TRY IT:
Print the data exactly as written, but leave out each picture.

INPUT DATA:
....................
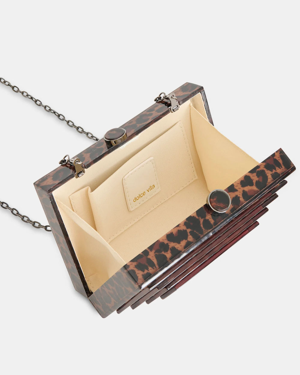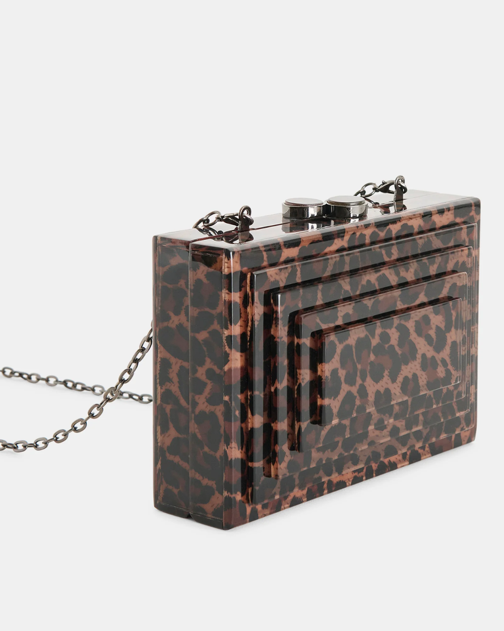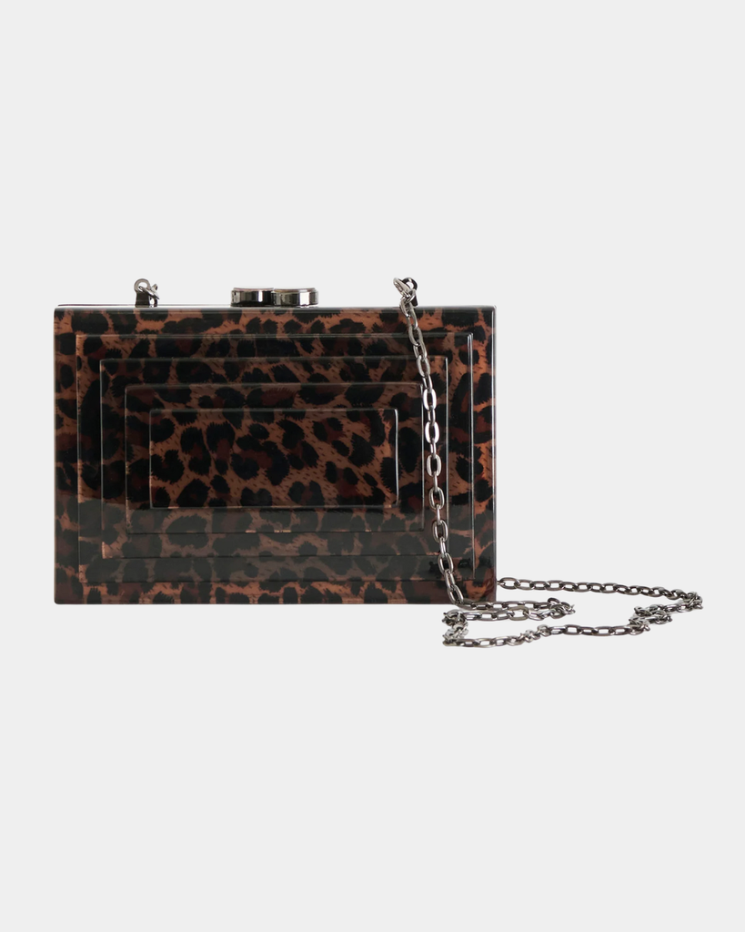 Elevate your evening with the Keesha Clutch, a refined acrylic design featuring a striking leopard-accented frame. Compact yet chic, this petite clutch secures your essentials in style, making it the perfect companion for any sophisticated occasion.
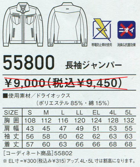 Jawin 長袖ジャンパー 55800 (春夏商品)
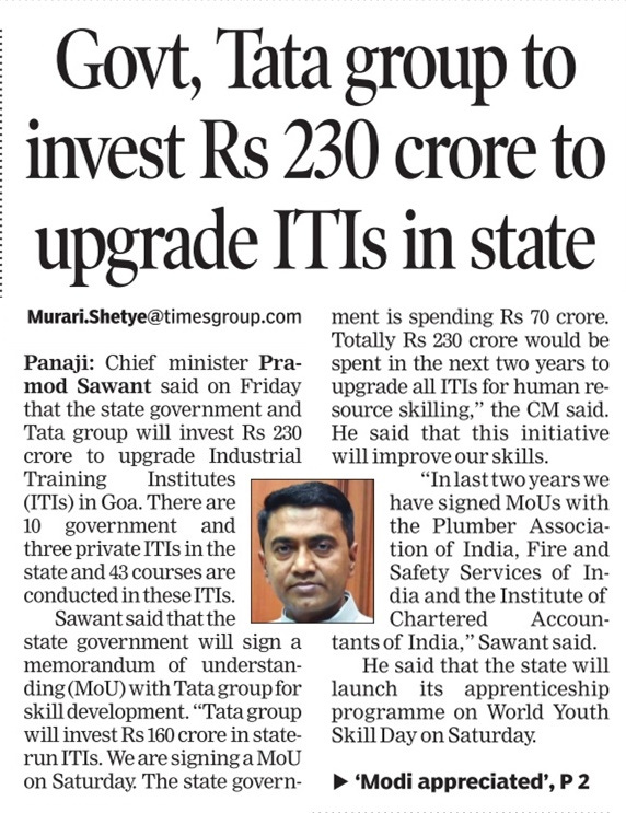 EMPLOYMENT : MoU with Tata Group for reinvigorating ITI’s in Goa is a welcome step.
....................
RESPONSE:
 Elevate your evening with the Keesha Clutch, a refined acrylic design featuring a striking leopard-accented frame. Compact yet chic, this petite clutch secures your essentials in style, making it the perfect companion for any sophisticated occasion.
 Jawin 長袖ジャンパー 55800 (春夏商品)
 EMPLOYMENT : MoU with Tata Group for reinvigorating ITI’s in Goa is a welcome step.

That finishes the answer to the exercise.